- [Exercise]: Use the entries below and reproduce exactly the lines from the one containing "ここ1週間(10月18日11" down to the one containing "台中旅展即將在4╱22~4╱25登 場,泰安觀止也推出線下、線上 (4╱18~4╱29)旅展並行活動,同時", both of them included.

━━━ Data ━━━

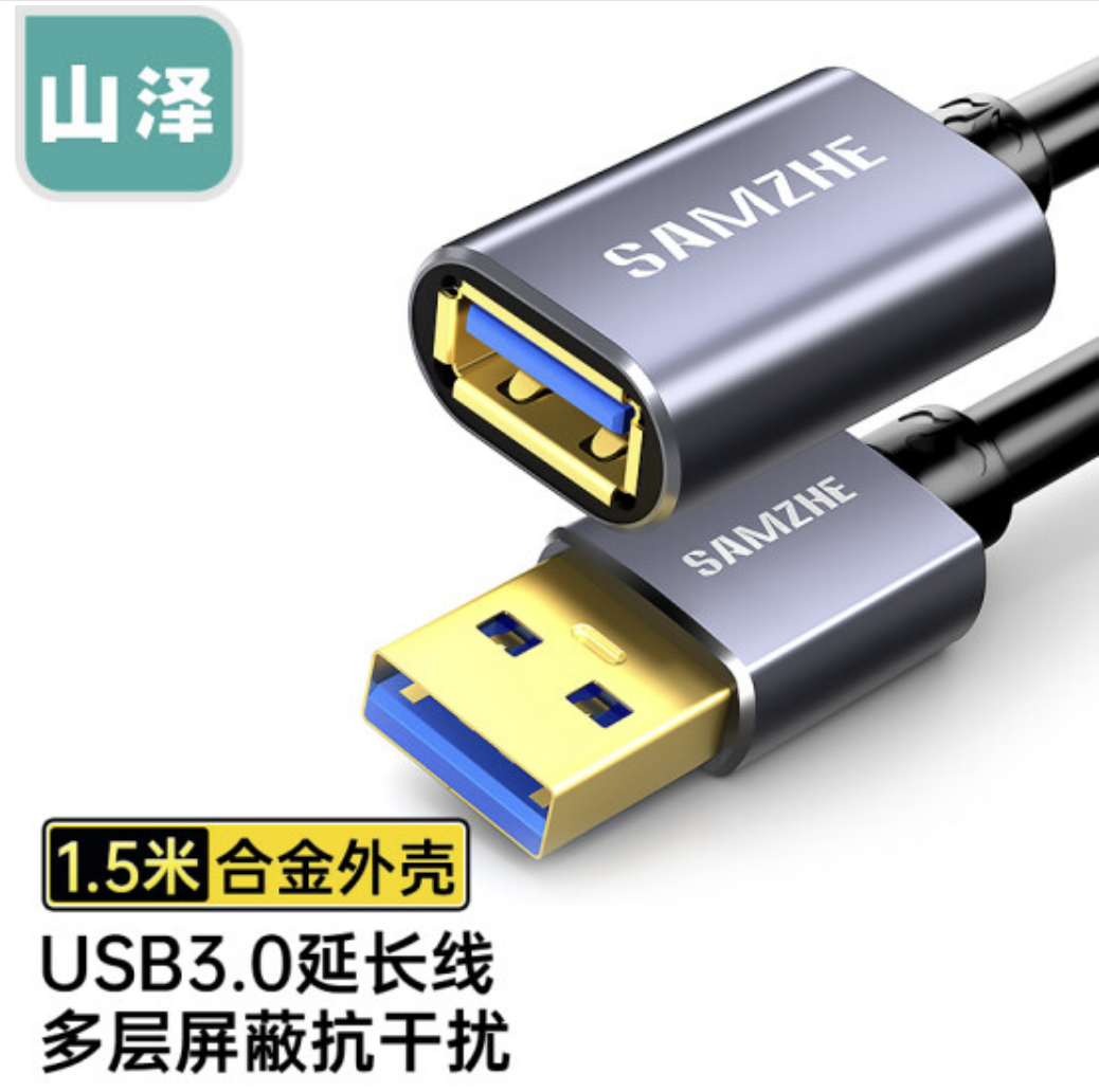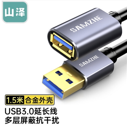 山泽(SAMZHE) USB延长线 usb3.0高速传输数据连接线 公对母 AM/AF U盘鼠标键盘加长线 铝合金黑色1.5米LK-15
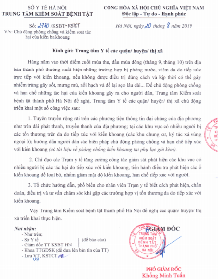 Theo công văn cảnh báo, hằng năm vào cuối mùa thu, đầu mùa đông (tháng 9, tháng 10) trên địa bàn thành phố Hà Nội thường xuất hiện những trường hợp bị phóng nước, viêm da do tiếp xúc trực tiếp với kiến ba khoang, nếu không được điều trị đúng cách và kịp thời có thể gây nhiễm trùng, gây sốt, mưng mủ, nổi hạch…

━━━
━━━ Data ━━━

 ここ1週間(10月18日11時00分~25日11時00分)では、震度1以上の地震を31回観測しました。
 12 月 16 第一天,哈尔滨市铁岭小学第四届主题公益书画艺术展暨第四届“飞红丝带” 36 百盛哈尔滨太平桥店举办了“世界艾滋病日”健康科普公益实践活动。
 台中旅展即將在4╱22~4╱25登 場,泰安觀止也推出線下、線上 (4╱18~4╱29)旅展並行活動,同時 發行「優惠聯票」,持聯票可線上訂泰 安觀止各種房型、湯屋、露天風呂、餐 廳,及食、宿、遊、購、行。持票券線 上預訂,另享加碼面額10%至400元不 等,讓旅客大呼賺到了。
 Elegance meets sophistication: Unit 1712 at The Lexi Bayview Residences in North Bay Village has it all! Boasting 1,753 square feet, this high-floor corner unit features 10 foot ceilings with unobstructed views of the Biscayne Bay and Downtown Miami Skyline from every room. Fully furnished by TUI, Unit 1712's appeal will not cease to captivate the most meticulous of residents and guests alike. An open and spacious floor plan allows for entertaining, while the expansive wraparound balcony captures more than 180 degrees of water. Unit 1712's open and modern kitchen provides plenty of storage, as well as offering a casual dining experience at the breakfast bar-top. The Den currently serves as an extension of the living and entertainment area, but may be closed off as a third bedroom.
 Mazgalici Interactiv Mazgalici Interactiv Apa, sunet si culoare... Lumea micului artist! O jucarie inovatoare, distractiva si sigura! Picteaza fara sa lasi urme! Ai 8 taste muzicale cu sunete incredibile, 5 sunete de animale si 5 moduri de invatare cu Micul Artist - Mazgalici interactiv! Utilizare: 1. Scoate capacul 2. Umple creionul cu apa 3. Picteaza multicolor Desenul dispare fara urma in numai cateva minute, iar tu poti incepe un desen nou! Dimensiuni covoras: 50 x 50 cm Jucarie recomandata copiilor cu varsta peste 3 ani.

━━━

- [Solution below]:
 ここ1週間(10月18日11時00分~25日11時00分)では、震度1以上の地震を31回観測しました。
 12 月 16 第一天,哈尔滨市铁岭小学第四届主题公益书画艺术展暨第四届“飞红丝带” 36 百盛哈尔滨太平桥店举办了“世界艾滋病日”健康科普公益实践活动。
 台中旅展即將在4╱22~4╱25登 場,泰安觀止也推出線下、線上 (4╱18~4╱29)旅展並行活動,同時 發行「優惠聯票」,持聯票可線上訂泰 安觀止各種房型、湯屋、露天風呂、餐 廳,及食、宿、遊、購、行。持票券線 上預訂,另享加碼面額10%至400元不 等,讓旅客大呼賺到了。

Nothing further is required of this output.